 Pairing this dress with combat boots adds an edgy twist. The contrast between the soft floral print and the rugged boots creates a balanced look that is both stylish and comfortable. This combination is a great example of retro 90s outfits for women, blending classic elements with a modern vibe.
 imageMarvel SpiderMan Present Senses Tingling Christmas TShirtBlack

---

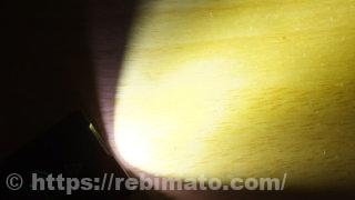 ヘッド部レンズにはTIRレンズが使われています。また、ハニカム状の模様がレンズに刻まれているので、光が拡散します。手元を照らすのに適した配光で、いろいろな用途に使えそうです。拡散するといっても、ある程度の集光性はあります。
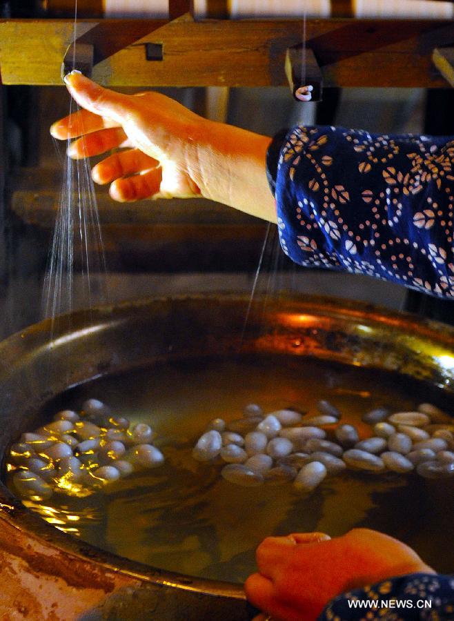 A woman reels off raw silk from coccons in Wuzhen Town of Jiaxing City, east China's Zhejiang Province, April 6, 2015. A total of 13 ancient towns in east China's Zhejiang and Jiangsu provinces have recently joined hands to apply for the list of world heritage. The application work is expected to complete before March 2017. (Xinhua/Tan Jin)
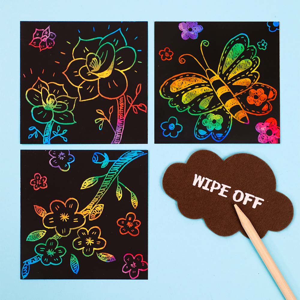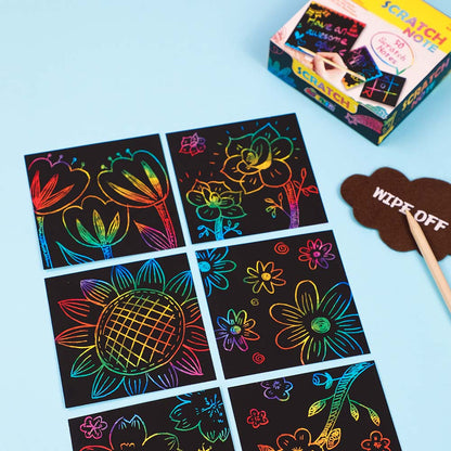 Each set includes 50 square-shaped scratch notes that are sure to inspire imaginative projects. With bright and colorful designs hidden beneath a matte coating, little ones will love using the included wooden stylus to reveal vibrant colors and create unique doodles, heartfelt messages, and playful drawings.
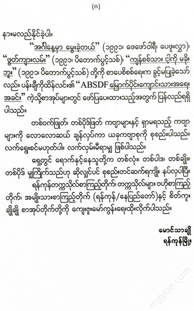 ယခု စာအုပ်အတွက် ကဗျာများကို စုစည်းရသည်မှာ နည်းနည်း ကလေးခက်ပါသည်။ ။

Work instructions —
Go to the line with "Pairing this dress" in the entries above and repeat every line from there through the line with "imageMarvel SpiderMan Present", exactly and with no other text.

Finished task —
 Pairing this dress with combat boots adds an edgy twist. The contrast between the soft floral print and the rugged boots creates a balanced look that is both stylish and comfortable. This combination is a great example of retro 90s outfits for women, blending classic elements with a modern vibe.
 imageMarvel SpiderMan Present Senses Tingling Christmas TShirtBlack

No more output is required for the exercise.